William Potter, the head of Candy Corporation, wanted to promote his son at the expense of qualified staff, Jill Jones. Since one family owned the company, relatives are treated well than other workers. Henry did not have the required academics qualification to head the company. It was contrary to the theory of stakeholder. The company did not value and treated its staff uniformly. According to the teachings of stakeholder theory, the 45-year-old lady, who is an employee of the company deserved the promotion since she was highly qualified than the son.

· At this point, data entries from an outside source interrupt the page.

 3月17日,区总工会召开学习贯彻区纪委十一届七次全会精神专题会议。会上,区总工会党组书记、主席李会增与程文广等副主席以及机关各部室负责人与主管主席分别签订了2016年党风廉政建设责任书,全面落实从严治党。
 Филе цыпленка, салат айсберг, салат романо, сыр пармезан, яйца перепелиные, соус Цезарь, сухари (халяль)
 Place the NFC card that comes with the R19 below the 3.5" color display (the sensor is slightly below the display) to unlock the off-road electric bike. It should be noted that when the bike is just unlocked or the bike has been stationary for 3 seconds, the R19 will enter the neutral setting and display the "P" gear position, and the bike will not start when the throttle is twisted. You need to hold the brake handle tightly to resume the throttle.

Theory of self-interest argues that business decisions should be passed independently by self-interest to the extent allowed by the law. This behavior is unethical, but heroes of free market economics argue that self-interested behavior brings out wealth and creates new employment opportunities (Boylan, 2001). According to this theory, the interests of the business come first. Leaders will do all they can to pass laws that are within the company norms provided they are promoting the growth of the enterprise. A business manager cannot tell which action would benefit the society as whole. They contribute to the community by doing all that benefits his investment. This theory could be used to justify nearly any organization decision.

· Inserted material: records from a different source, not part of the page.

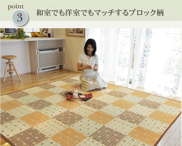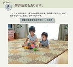 クッション性を追求したボリュームタイプ(メーカー比約3倍)のカーペットです。裏地にはソフトテックというポリエステル素材を使用しています。ポリエステル繊維を、メーカーが新たに開発した独自の技術で圧縮し、通気性を保ちつつ、圧倒的なクッション性をのある素材に仕上げました。軽量床衝撃音低減性能LL(1)-8を取得しており、床下への騒音を軽減する効果もあります。国産(九州産)のい草を使用しています。一本一本が太く、表皮が厚く繊維がキメ細かいので弾力性があり、耐久性に優れています。い草には空気の自然浄化作用、湿度の調節作用などがあります。また汚れにくく、使用するうちに黄金色に変化し味が出ます。い草に青森ヒバ加工を施しています。(抗菌、防臭効果)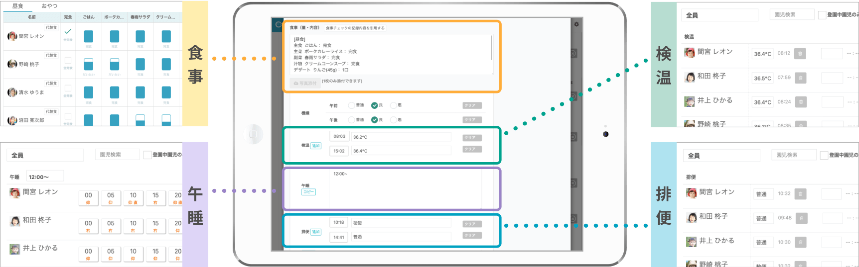 食事・検温・午睡・排便などの各種記録は、連絡帳に自動転記されます。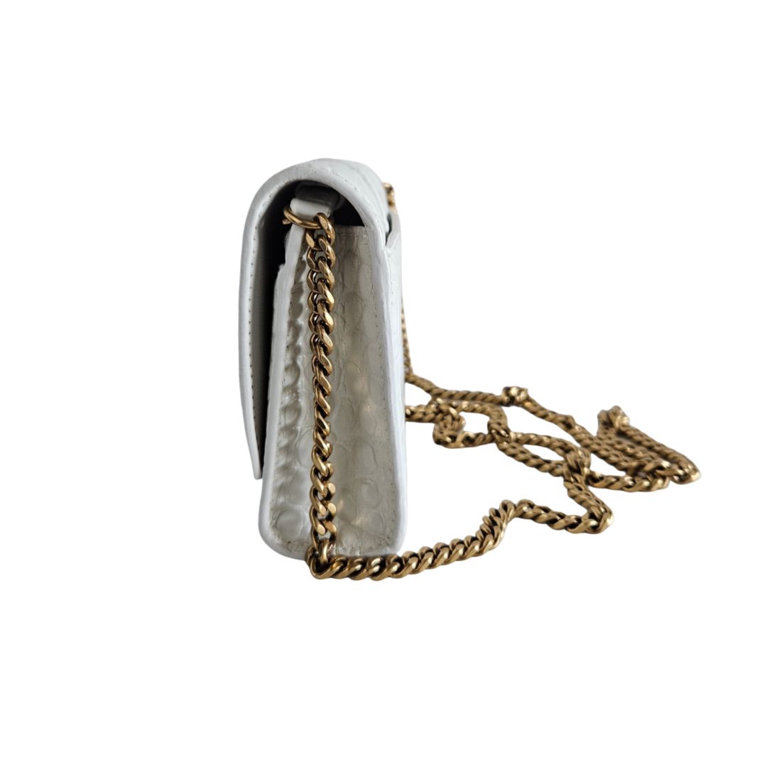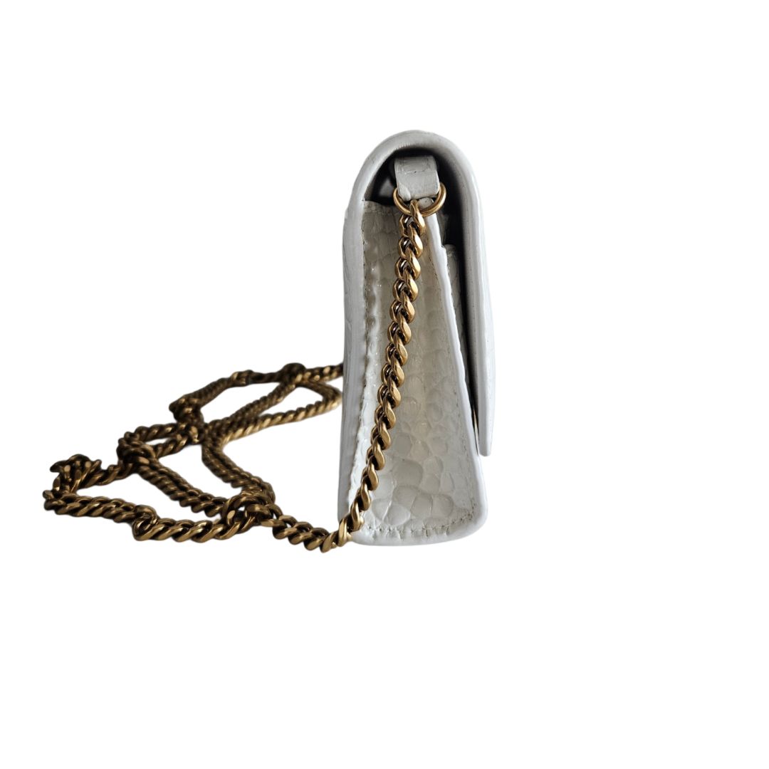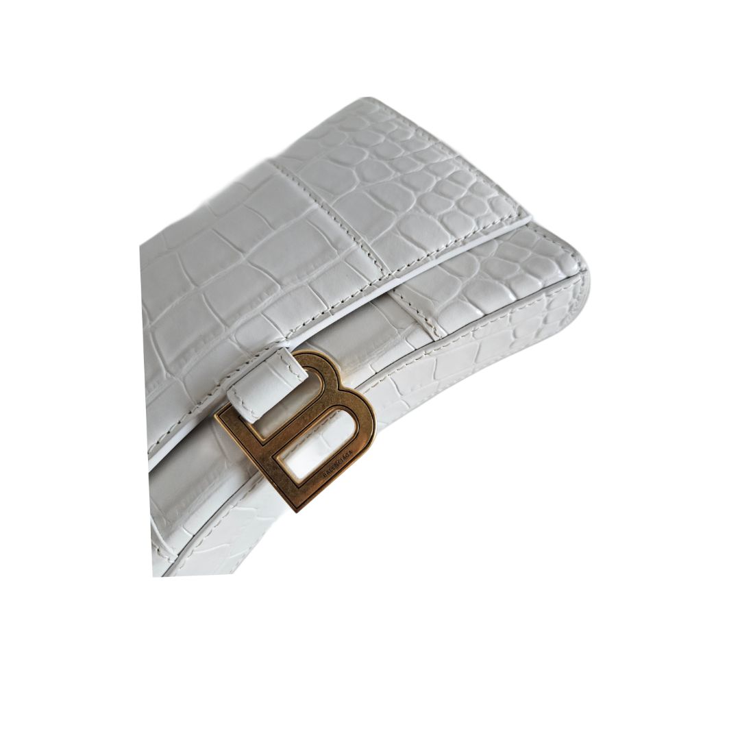 Balenciaga White Croc Embossed Leather Hourglass Wallet On Chain

The decision by William Potter to put his eldest son to the highest post was for the interest of the company. He did not need to consult employees so as to appoint Henry. Having him as the company’s Chief Executive Officer apparently meant that he made all the decision and rulings in the interest of the institution. Having Jill Jones at the helm of the candy business would have been a risk because the decisions made were to be professional ones. Giving credit where it is due and criticizing when required.
Comparison and contrast
Both theories advocate for company’s interest. The group leaders are expected to make a ruling that will continue pushing the business towards its ultimate targets. Both acknowledge the importance of putting the company first. Henry was seen not ever to object directives from the Board Chairman, who was the father. As long as the company is making a profit, the leaders will be satisfied. The needs and demands of the enterprise come first. Workers do their job knowing very well in their minds that the company must be happy.

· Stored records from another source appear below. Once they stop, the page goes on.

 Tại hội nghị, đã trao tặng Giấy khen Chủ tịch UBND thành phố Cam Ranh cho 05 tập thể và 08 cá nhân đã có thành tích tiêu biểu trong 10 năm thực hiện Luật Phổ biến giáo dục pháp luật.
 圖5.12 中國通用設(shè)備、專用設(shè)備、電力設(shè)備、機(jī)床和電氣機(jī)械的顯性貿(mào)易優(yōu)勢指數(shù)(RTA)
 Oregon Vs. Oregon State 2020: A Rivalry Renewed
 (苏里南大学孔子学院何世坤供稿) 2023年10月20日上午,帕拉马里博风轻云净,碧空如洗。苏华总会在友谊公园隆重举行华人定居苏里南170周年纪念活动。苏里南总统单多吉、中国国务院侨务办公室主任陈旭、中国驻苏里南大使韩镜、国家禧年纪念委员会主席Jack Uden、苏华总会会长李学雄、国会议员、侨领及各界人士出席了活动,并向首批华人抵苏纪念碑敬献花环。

In the contrast, stakeholder theory advocates for the interest of the company but involving all the parties. It argues that both the internal and external factors determine the success of a firm. These forces work hand-in-hand for the betterment of the business. For example, poor relationship with the suppliers can result in delivery of low-quality goods. Again, if the enterprise does not comply with the set governmental requirements and rules, it risks being closed. However, the theory of self-interests puts the owners of the business at the helm. It’s the business owners who matter. For example, if the company is making profits when the workers are poorly paid, according to this theory, then the owners will not bother to increase their salaries. In summary, the two approaches are different in how the perceive the ownership of a business.
Best resolution and why
The best action for Jill Jones was to resign. It is because the company was determined to have a family member succeeding as the senior most staff. No matter how much she was offended, the company had all the rights to appoint a family member.
References
Boylan, M. (2001). Business ethics. Upper Saddle River, NJ: Prentice Hall.
Grace, D., & Cohen, S. (2013). Business ethics.